Many editors will ask to see a sample of the manuscript before quoting you, because depending on the complexity of the manuscript, they may be able to edit three pages an hour, or they may be able to edit fifteen. If they quote a project rate, they need to make sure they won’t get stuck earning $3 an hour on an unexpectedly laborious  edit.

Hourly editorial rates

Now that you know the variables involved, these are the average rates you’ll pay for different kinds of editing. Note that a manuscript page is considered to be 250 words.

  • Substantive editing: $40-$70/hour (expect them to edit 3-10 pages/hour, depending on complexity). Some substantive editors will quote on the entire project, rather than give an hourly rate, in which case you should confirm how many rounds of editing that includes.
  • Copy editing: $30-$40/hour (8 pages/hour)
  • Proofreading: $25-$35/hour (10 pages/hour)
  • Indexing: $3-$5/page

Total editorial costs

So for an average book of 70,000 to 80,000 words, you might pay:

  • Substantive editing: $3,500-$4,000
  • Copy editing: $1,200
  • Proofreading: $900 (this applies to print and print-on-demand books; if you’re producing an ebook only, you can skip this step and just check the file for glitches instead. Ebooks don’t contain a lot of the pieces that a proofreader checks in print, such as page numbers and running heads.)
  • Indexing: $1,000

How to find a skilled editor

There are a lot of people with limited experience promoting themselves as professional editors. You don’t need a licence to practice, so anyone can call herself an editor.

That’s why we highly recommend that you ask other writers for recommendations, and that you look for someone with book-specific experience. Editing a book-length work requires a different skill set than editing a newspaper article or corporate brochures.

It isn’t necessary for your editor to be an expert in your particular subject, but it does help if she has experience editing your genre. If you’re writing memoir, find an experienced memoir editor, for instance. Ask her which books she’s worked on, and see if any of her authors’ books have won awards, received notable critical acclaim, or made the bestseller lists. Those are all good signs.
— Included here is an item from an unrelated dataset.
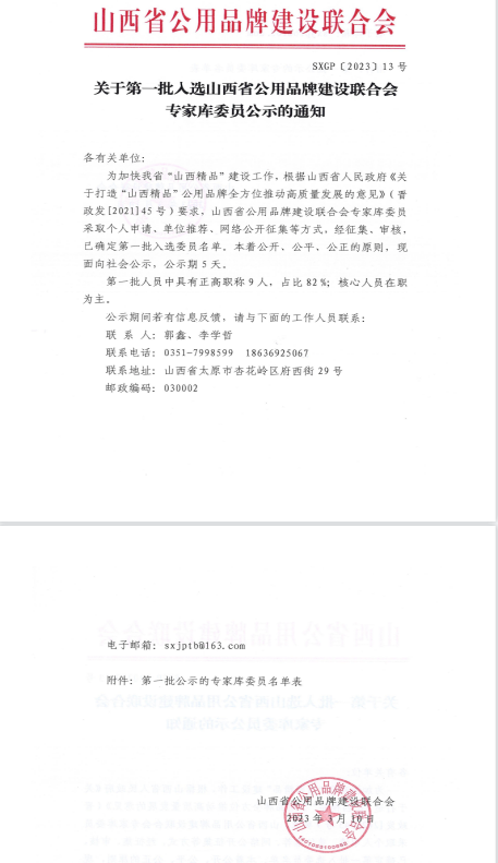 近日,山西省公用品牌建设联合会公示了第一批入选专家库委员名单,91制片厂

Editors’ Association of Canada database

The EAC website contains a database of freelance editors. However, the editors listed there have not been vetted in any way; they’ve simply paid an annual EAC membership fee, which includes a listing on the site.

The EAC does offer a rigorous certification program, though, and editors who have been certified in their particular area should be trustworthy. Click here for the list of certified editors.
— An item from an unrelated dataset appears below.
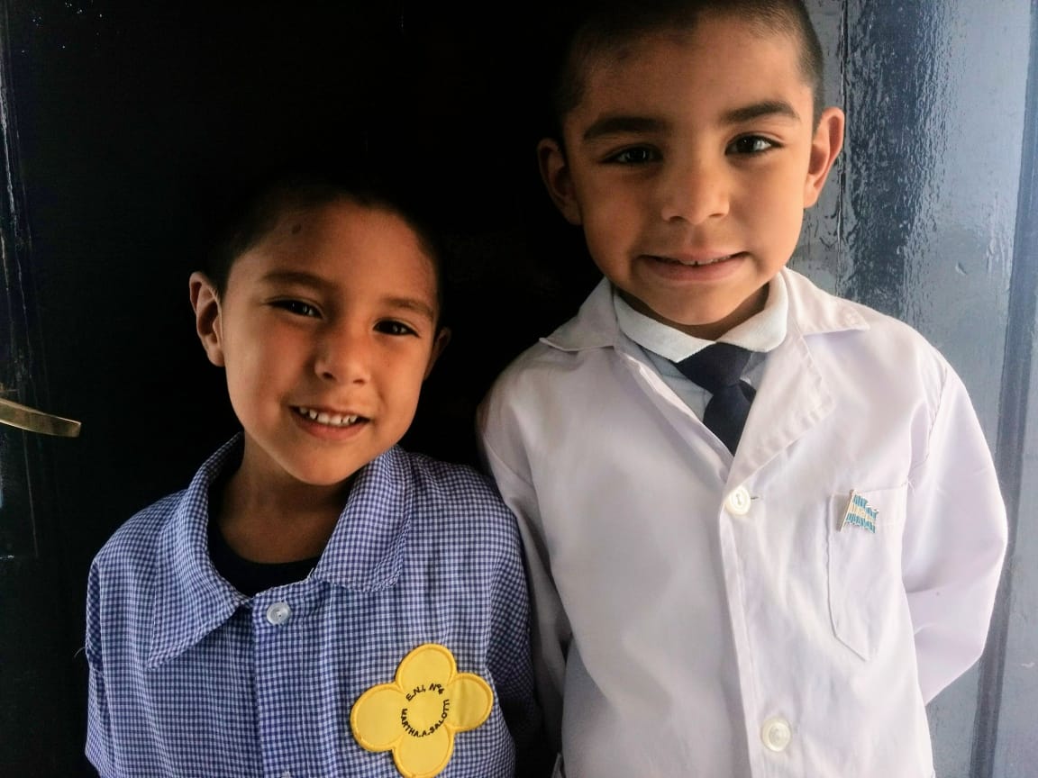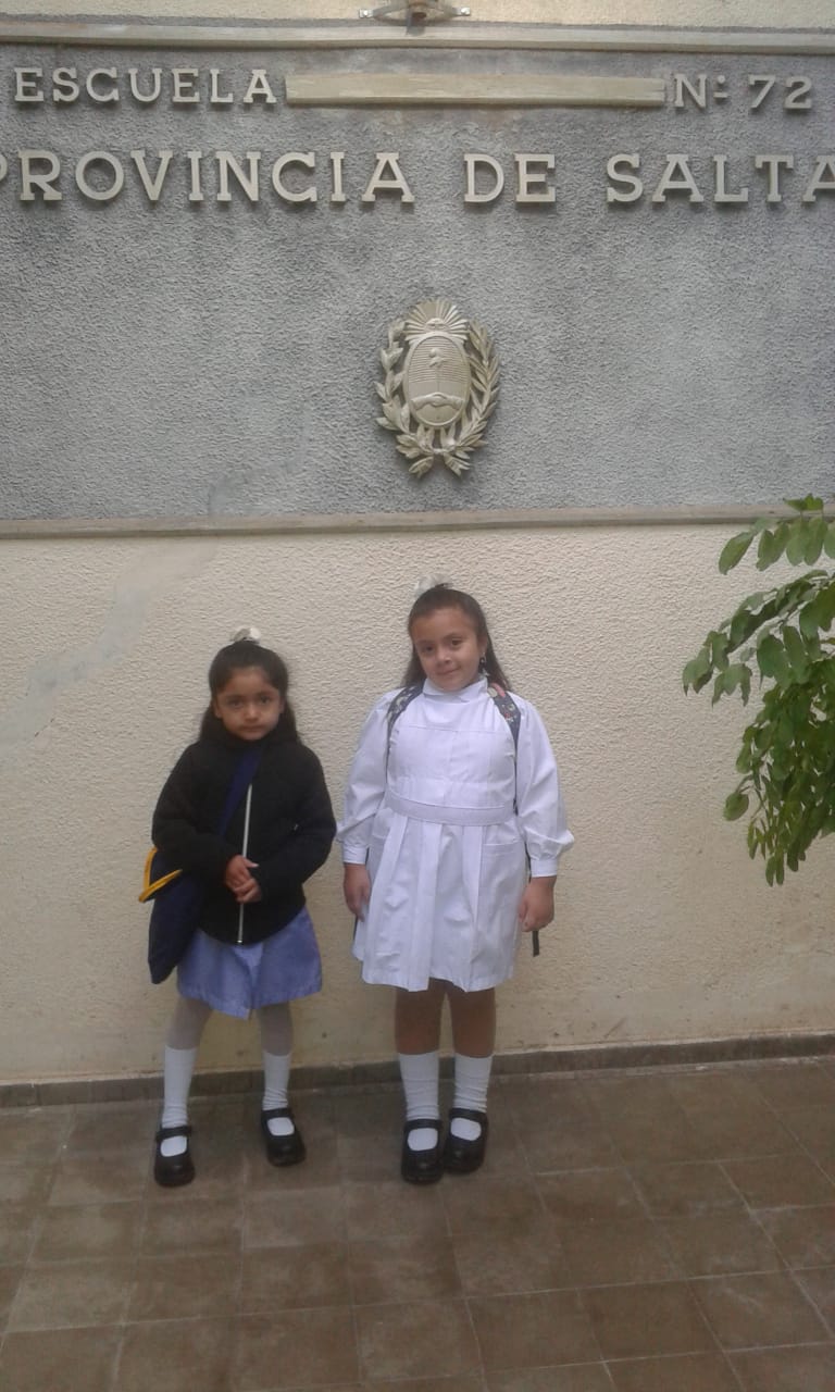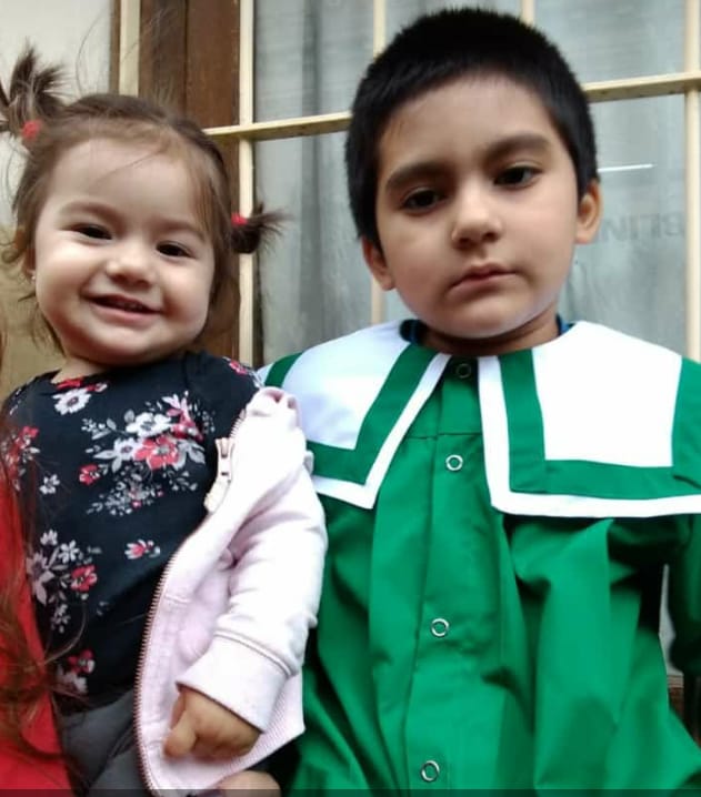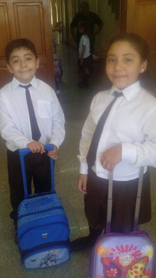 Benicio en su primer día de clases junto a su hermanita Saritah.

Some of the best editors we know have not undertaken the certification process so aren’t listed here. Some editors just don’t feel they will gain enough new business or credibility to warrant completing the lengthy process. Others worry that they might fail the tests, even though they’ve been practicing editors for most of their careers. Whatever the case, an editor’s not being certified doesn’t mean they aren’t qualified. At Page Two we often connect our clients with uncertified editors we’ve worked with and trust.

Enjoy the experience

Finally, once you’ve hired your editor, listen carefully to what she says. You make the final call about what changes you accept, but remember that she has thought carefully about your manuscript and is bringing all of her professional experience to bear on it. In the right hands, most authors enjoy the editorial process because it’s an opportunity to discuss their work in detail with a deeply attentive reader, and to make it the best it can be.